Ao dizer em plena sessão de julgamento que as práticas do Ministério Público, enquanto dirigido por si, em nada diferiam daquelas que foram sempre seguidas pelo Chefe do Executivo e pelo Governo da RAEM em matéria de adjudicações, justificando-o nos mesmos termos em que o principal responsável da RAEM o fez perante a AL para esclarecer as razões por que desde 2000 era sempre a mesma empresa – por sinal pertença de um senhor deputado fala-barato que considera normal que os maridos dêem uns tabefes nas suas mulheres quando estas se portam mal – que fazia as obras na Sede do Governo, isto é, com razões de "segurança, confidencialidade e de garantia da qualidade do serviço" (Ponto Final, 05/01/2017, p. 7), o que só por si já seria hilariante, Ho Chio Meng desferiu um míssil que acertou em cheio na torre de comando do porta-aviões. 

Vê-se que em cada sessão de julgamento a acusação vai ficando um pouco mais estraçalhada. Mas, como muitos já pressagiam, mesmo com a acusação em fanicos ninguém se atreverá a assumi-lo, e o julgamento vai ser um estrondoso sucesso interno que acabará com a condenação do "corrupto" e os intervenientes a felicitarem-se mutuamente. Seria estranho que depois do circo que se montou o arguido não fosse condenado. Externamente ficará para sempre a pairar, justa ou injustamente, a ideia de uma justiça formatada a pedido, incapaz de assegurar garantias sérias de defesa dos arguidos que se encontram na situação de Ho Chio Meng e à qual se recorre de cada vez que é necessário fazer uma purga para limpar a imagem, o que será extremamente mau para quem preza e cultiva a independência da sua função, se guia por padrões de justiça, isenção e imparcialidade e não merecia ir parar ao mesmo saco.

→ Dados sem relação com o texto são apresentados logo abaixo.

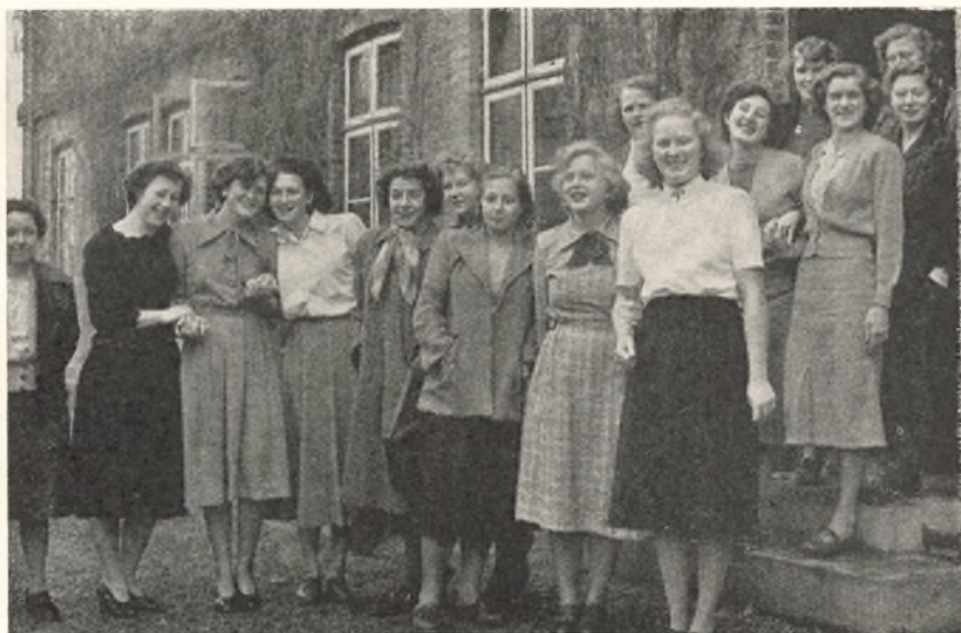
Fra vinteren 50—51.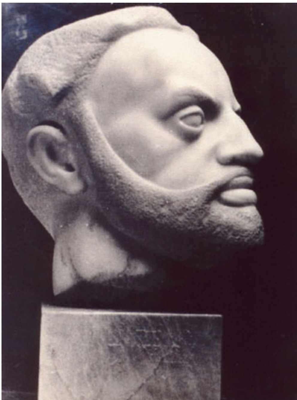
MONUMENTO A CALVO MAQUENA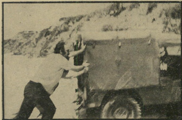
ורוחף את הניירת

תפסו, עצרו, גיסו לחקור ושיחררו. שער תיים של אמבטיה סייעו לעידן להסיר מעליו את שכבות מלח הים, רק אז מיהר למערכת עם סרטי הצילום. הוא הספיק להגיע בזמן, שעות מיספר לפני הופעת העתון, עם צילומיו.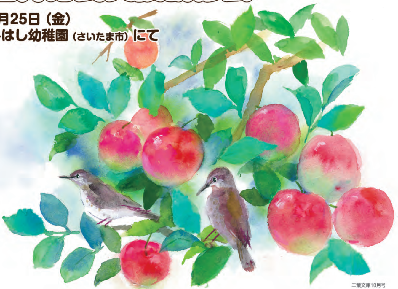
二葉文庫10月号 『りんりん林檎の』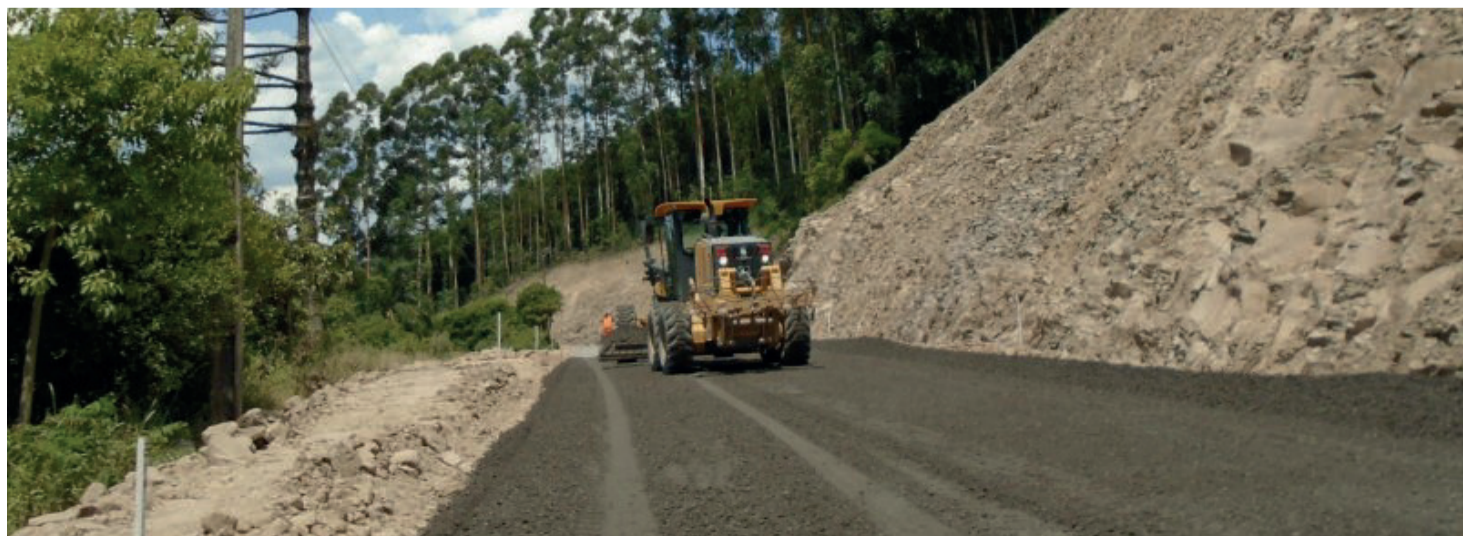
Obras de pavimentação beneficiarão comunidade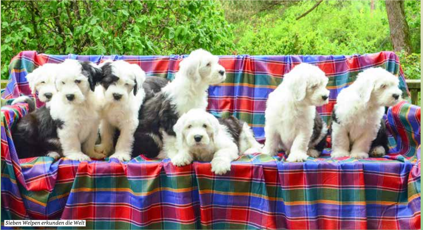
Sieben Welpen erkunden die Welt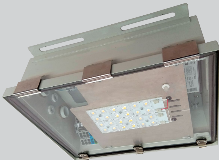
Tunn LT G2 – solid LED armatur i syrefast stål for lavtrafikkerte tunneler og tøft industrimiljø

A R. P. da China poderá não se importar com o resultado final. E até aplaudi-lo, sublinhando que formalmente a justiça de Macau funciona. Mas esse será mais um passo em direcção ao abismo, à desacreditação da autonomia, e os cidadãos de Macau e o Mundo irão desconfiar de tudo isto.

Não sei como, nem com quem, será possível obviar a este estado de coisas, mas se eu fosse um responsável político da R.P.C. começaria já a pensar nas consequências do modo como tudo tem sido conduzido em Macau desde 20/12/1999. Questionaria pessoas e procedimentos. E tratava de arrepiar caminho, corrigindo o que há a corrigir, devolvendo a confiança à população da RAEM e a reputação às suas instituições. Só que isso não se faz com os mesmos de sempre, com paninhos quentes, palmadinhas nas costas e juras de fidelidade e amor à pátria. A China devia perceber isto, pois nada tem a ganhar com a actual situação. Nem ela, nem a população de Macau. Não é difícil compreender isto.